• [EXERCISE INSTRUCTIONS]
Only the lines below from the one containing "Defektai: iš dalies" through the one containing "Anunț rezultate probă interviu" belong in the answer, repeated exactly and without pictures.

• [INFORMATION SHOWN]
Start of Block
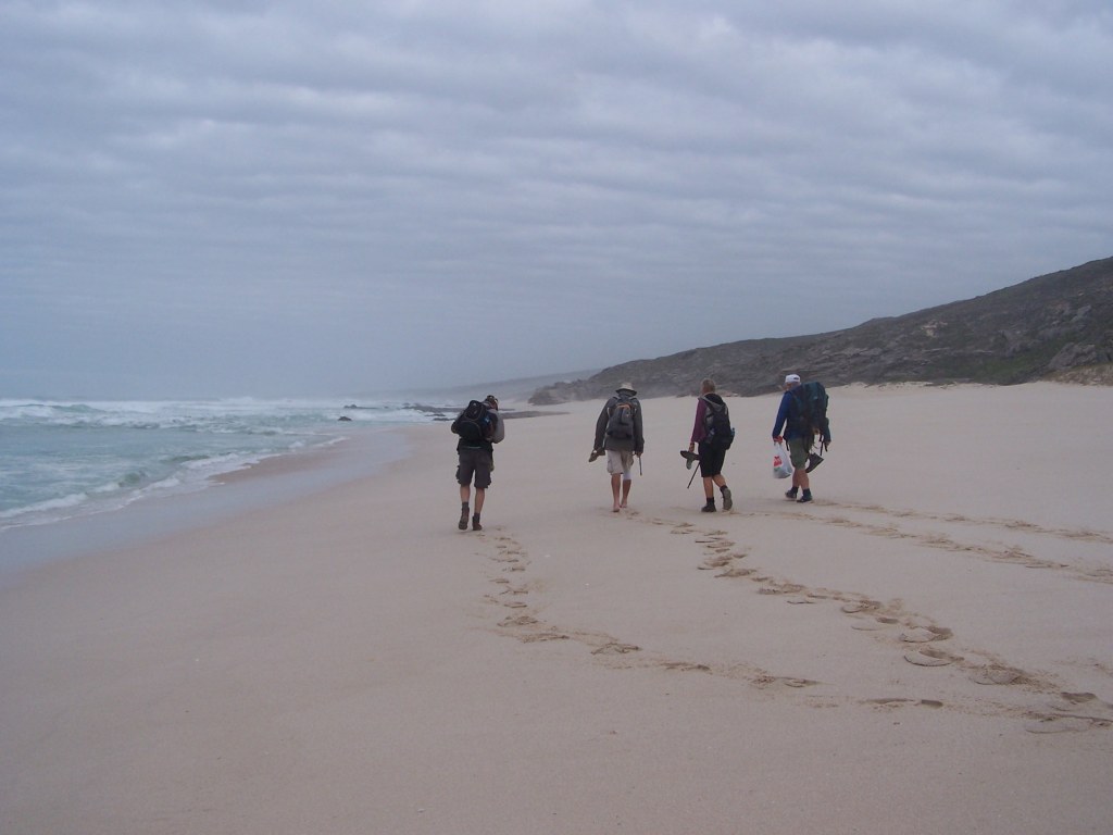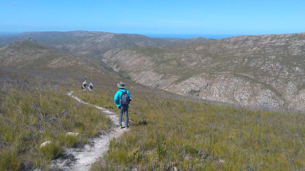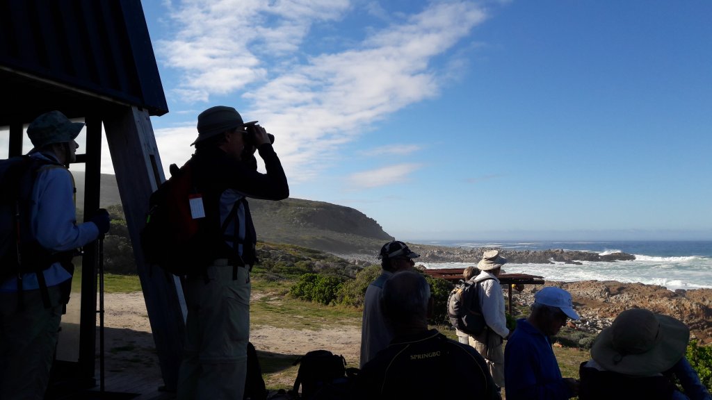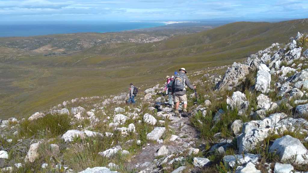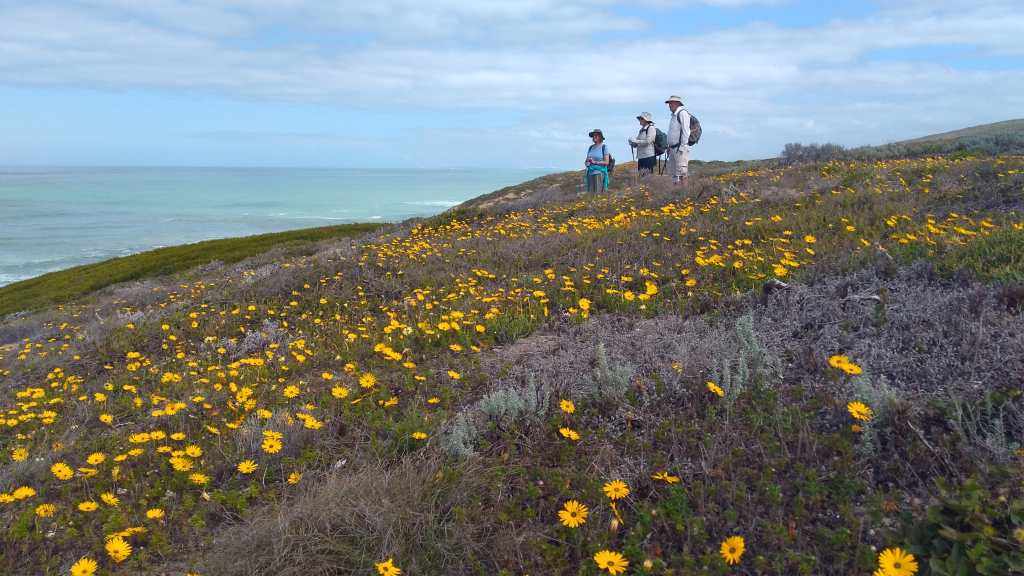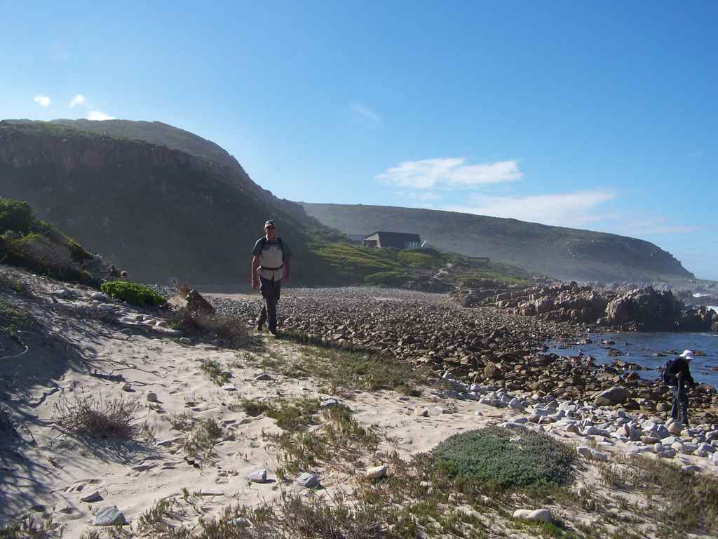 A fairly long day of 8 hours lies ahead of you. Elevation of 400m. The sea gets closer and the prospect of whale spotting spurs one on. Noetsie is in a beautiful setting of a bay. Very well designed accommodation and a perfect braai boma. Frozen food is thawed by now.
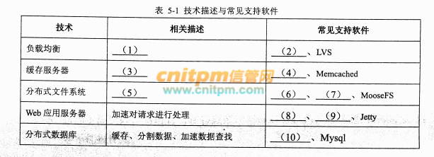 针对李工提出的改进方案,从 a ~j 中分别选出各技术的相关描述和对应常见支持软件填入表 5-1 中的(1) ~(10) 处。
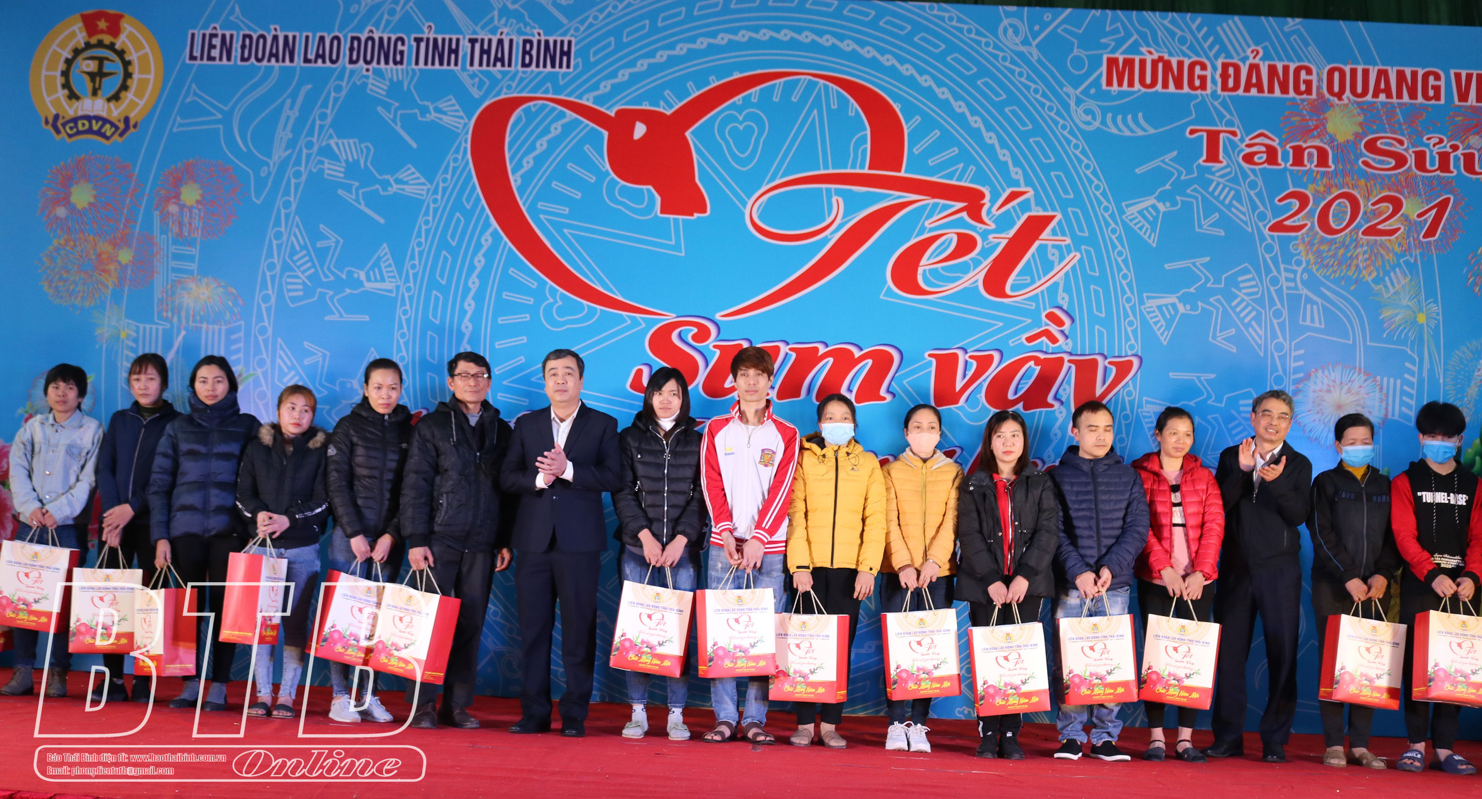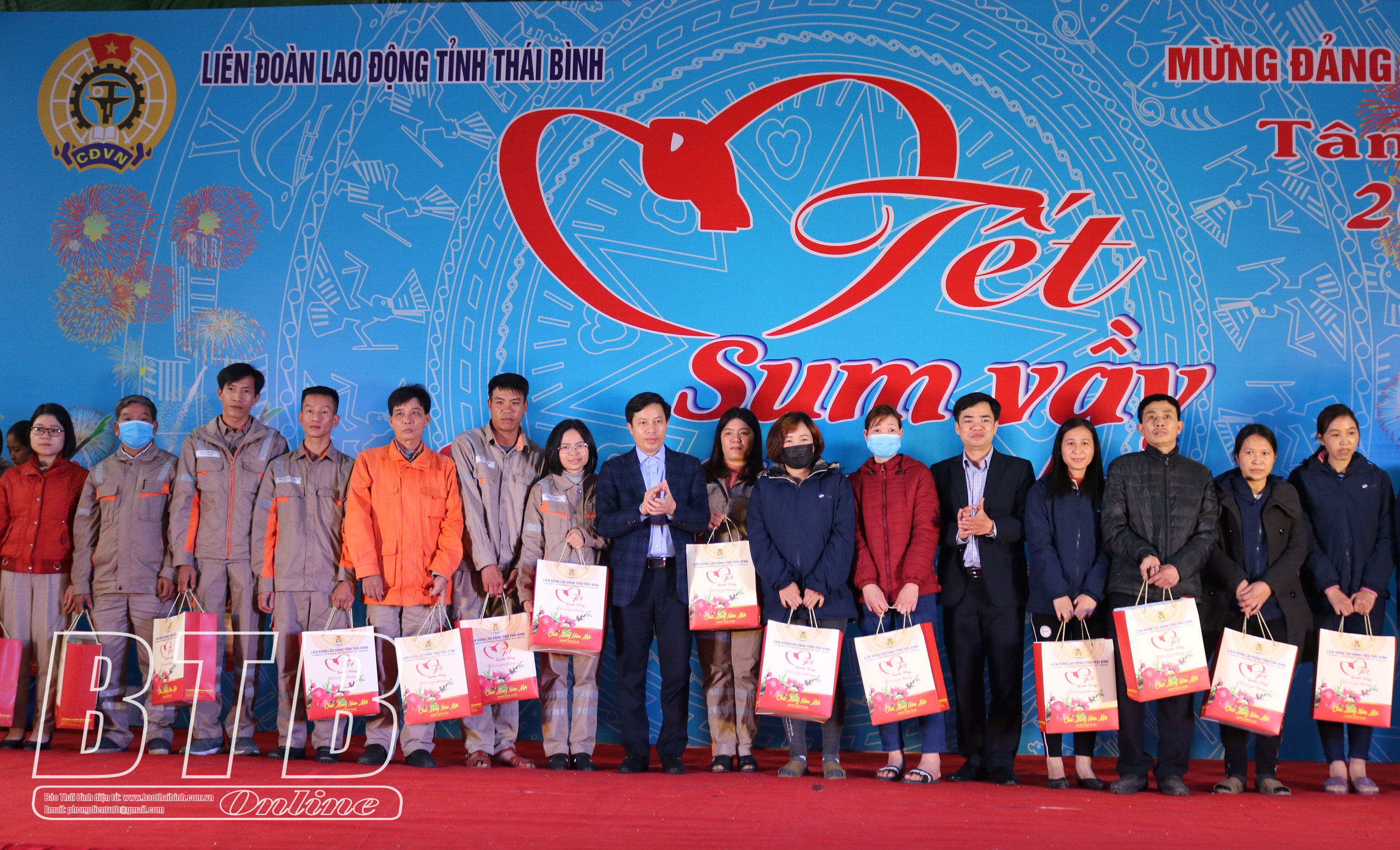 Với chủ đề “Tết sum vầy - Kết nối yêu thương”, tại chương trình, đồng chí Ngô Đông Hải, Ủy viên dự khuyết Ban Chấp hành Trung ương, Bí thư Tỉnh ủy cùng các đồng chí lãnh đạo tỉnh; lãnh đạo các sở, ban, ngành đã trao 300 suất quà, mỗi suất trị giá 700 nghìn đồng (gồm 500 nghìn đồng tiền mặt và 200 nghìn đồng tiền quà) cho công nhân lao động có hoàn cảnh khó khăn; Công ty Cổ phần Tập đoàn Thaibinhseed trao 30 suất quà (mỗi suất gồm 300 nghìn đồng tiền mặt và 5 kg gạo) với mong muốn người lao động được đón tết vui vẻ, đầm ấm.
End of Block
Start of Block
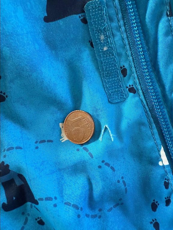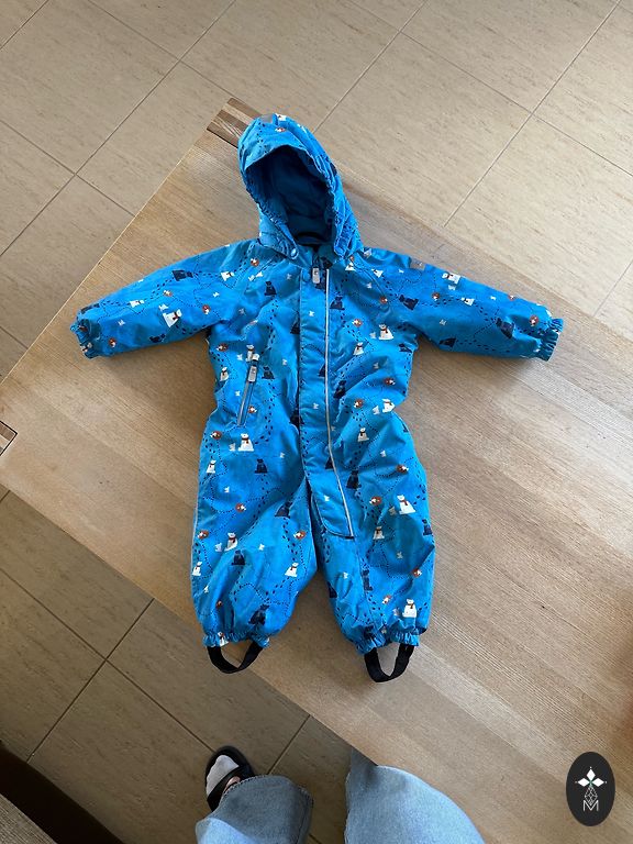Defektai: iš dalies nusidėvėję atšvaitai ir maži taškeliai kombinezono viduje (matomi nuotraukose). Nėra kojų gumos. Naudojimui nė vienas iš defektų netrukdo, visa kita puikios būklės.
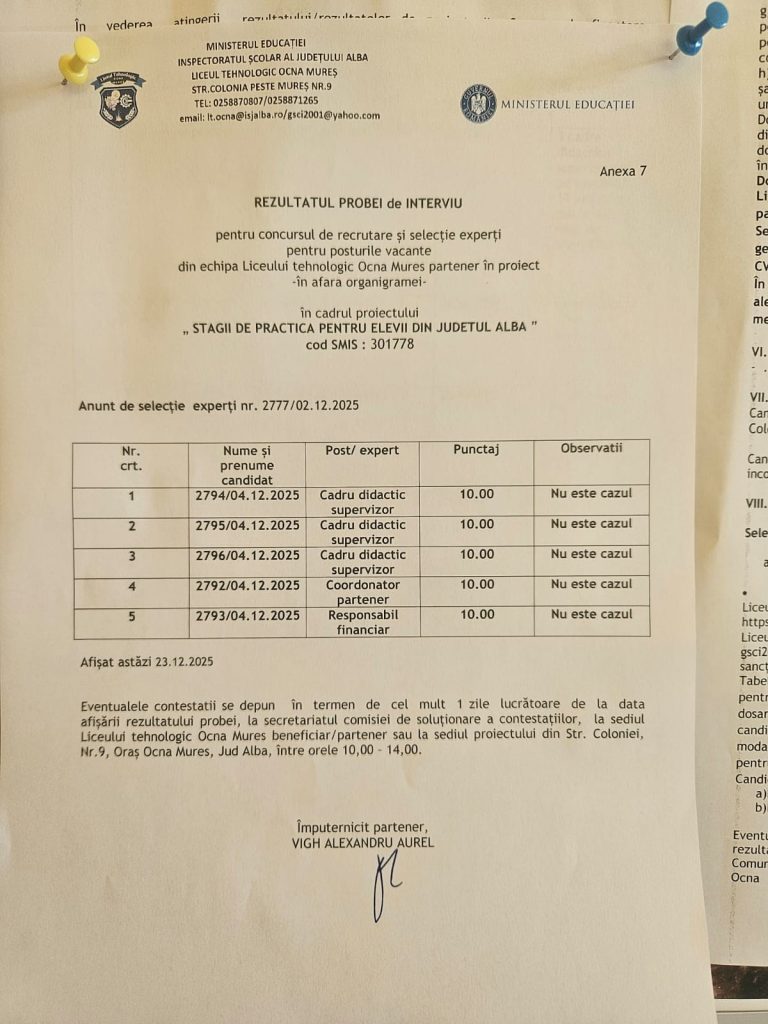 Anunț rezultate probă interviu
End of Block
Start of Block
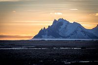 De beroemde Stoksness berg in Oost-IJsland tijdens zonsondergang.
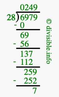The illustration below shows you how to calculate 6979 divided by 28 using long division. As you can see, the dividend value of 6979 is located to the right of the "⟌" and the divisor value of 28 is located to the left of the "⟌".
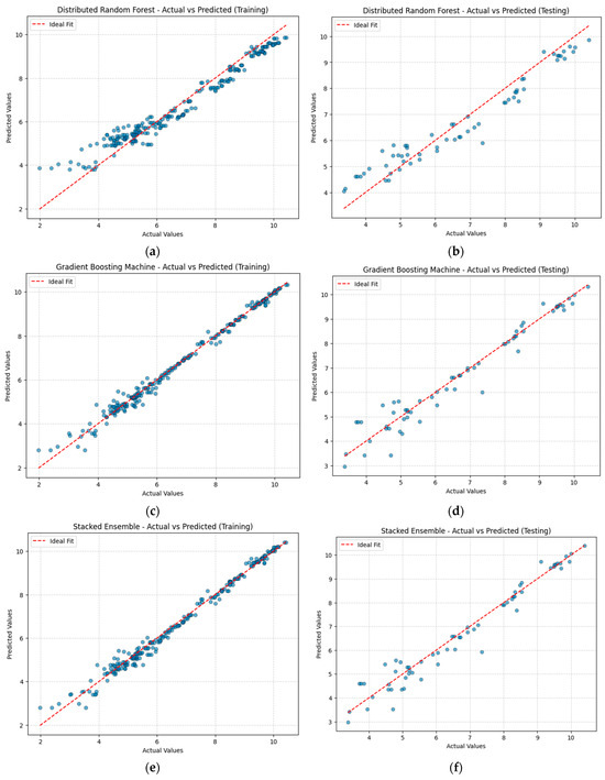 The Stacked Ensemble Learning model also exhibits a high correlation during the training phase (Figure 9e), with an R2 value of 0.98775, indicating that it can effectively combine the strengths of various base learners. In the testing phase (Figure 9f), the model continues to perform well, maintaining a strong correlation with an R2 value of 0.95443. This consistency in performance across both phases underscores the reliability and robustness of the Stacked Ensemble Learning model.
End of Block
• [PROBLEM SOLUTION]
Defektai: iš dalies nusidėvėję atšvaitai ir maži taškeliai kombinezono viduje (matomi nuotraukose). Nėra kojų gumos. Naudojimui nė vienas iš defektų netrukdo, visa kita puikios būklės.
 Anunț rezultate probă interviu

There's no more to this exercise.